== TASK TO CARRY OUT ==
Look below for the line holding "活动期间,各支部通过开展线上" and the line holding "Funda de Cuero". Transcribe exactly those lines and all lines between them, nothing more.

== INFORMATION GIVEN ==

◇ ◇ ◇ ◇ ◇ ◇ ◇

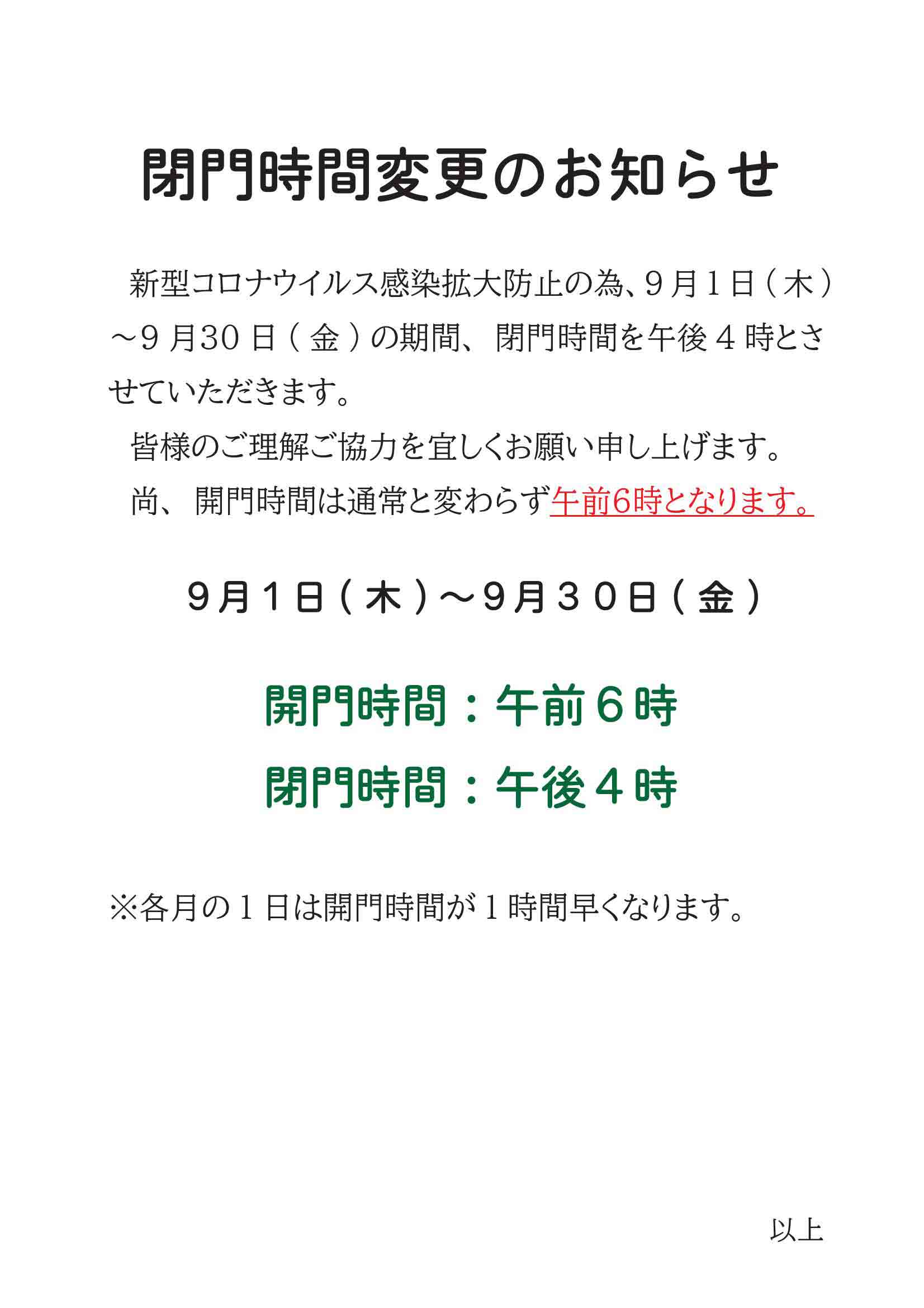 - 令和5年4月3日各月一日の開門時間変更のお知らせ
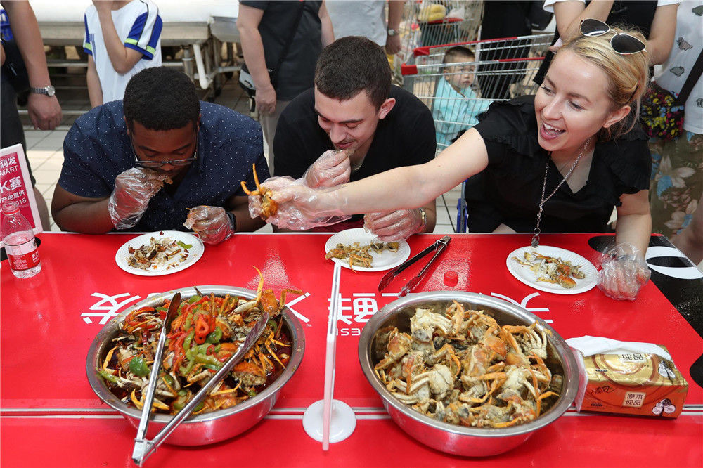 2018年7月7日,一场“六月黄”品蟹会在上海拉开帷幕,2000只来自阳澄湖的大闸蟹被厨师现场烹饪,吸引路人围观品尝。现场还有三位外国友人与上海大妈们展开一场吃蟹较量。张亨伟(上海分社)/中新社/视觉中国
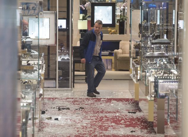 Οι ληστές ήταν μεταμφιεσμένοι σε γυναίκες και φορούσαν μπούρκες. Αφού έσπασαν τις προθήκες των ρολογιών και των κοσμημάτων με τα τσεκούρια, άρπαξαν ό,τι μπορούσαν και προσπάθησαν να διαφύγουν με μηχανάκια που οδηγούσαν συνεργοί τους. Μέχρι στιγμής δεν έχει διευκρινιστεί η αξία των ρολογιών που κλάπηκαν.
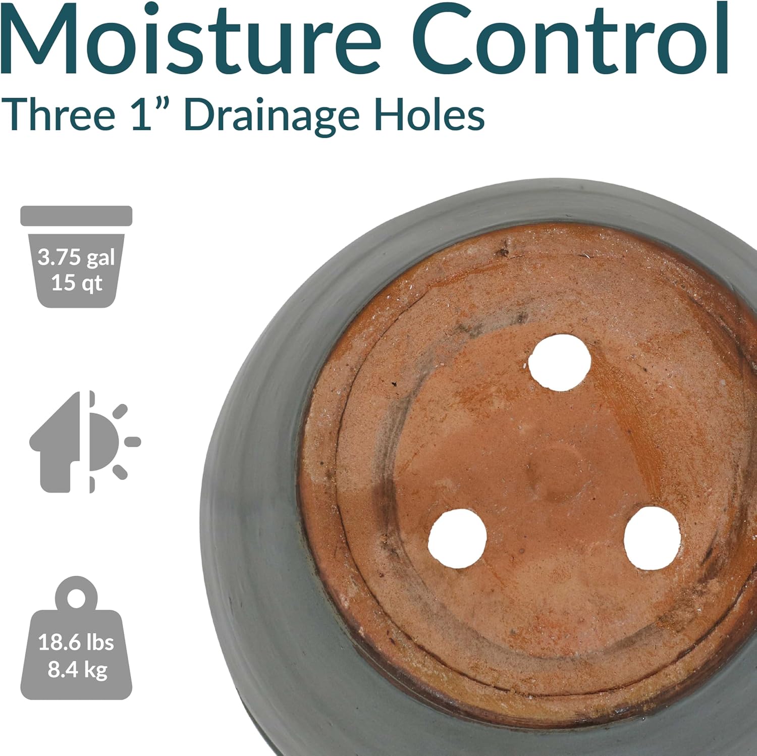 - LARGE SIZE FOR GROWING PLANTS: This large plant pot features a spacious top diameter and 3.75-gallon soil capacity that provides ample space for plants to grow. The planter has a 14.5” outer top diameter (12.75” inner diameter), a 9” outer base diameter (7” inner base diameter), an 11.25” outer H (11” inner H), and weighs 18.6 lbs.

◇ ◇ ◇ ◇ ◇ ◇ ◇

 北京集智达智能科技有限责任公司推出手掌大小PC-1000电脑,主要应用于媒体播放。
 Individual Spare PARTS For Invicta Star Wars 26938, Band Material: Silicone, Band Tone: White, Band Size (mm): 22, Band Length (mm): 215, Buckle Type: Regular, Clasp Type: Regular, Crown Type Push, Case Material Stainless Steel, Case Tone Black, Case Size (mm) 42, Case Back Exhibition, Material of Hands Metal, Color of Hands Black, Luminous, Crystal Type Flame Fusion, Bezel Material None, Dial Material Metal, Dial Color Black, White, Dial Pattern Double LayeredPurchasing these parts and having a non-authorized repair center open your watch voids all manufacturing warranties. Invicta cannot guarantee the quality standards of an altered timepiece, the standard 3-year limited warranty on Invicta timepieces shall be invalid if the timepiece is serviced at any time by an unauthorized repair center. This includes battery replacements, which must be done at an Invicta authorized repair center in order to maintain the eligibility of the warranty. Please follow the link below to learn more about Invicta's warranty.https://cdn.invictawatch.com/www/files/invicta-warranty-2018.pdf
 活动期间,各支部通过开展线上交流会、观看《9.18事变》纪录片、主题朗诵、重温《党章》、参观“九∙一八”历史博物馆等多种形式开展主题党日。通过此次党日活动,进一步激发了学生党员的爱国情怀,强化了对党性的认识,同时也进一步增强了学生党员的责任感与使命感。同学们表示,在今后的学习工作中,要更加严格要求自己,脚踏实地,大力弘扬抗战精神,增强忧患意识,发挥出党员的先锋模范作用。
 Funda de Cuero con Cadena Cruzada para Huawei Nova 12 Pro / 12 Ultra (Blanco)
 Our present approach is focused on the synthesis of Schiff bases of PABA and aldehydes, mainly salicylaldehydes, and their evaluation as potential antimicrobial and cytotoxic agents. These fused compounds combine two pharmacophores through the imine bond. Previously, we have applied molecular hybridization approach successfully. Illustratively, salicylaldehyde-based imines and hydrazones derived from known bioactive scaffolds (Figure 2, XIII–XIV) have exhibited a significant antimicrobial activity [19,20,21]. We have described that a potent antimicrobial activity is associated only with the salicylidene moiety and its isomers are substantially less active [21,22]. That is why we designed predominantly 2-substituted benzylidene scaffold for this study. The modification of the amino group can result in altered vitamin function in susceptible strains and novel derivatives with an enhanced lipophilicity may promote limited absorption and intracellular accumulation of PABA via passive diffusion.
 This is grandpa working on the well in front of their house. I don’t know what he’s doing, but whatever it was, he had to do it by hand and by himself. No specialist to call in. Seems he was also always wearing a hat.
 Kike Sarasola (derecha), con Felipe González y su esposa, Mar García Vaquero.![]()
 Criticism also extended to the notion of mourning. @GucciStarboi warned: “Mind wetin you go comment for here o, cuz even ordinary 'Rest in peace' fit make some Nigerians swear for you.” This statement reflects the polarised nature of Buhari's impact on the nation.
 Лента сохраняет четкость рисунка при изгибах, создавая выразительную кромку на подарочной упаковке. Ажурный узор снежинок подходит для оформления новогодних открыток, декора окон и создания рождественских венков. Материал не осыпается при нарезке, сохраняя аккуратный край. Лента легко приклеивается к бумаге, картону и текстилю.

◇ ◇ ◇ ◇ ◇ ◇ ◇

== ANSWER AREA ==
 活动期间,各支部通过开展线上交流会、观看《9.18事变》纪录片、主题朗诵、重温《党章》、参观“九∙一八”历史博物馆等多种形式开展主题党日。通过此次党日活动,进一步激发了学生党员的爱国情怀,强化了对党性的认识,同时也进一步增强了学生党员的责任感与使命感。同学们表示,在今后的学习工作中,要更加严格要求自己,脚踏实地,大力弘扬抗战精神,增强忧患意识,发挥出党员的先锋模范作用。
 Funda de Cuero con Cadena Cruzada para Huawei Nova 12 Pro / 12 Ultra (Blanco)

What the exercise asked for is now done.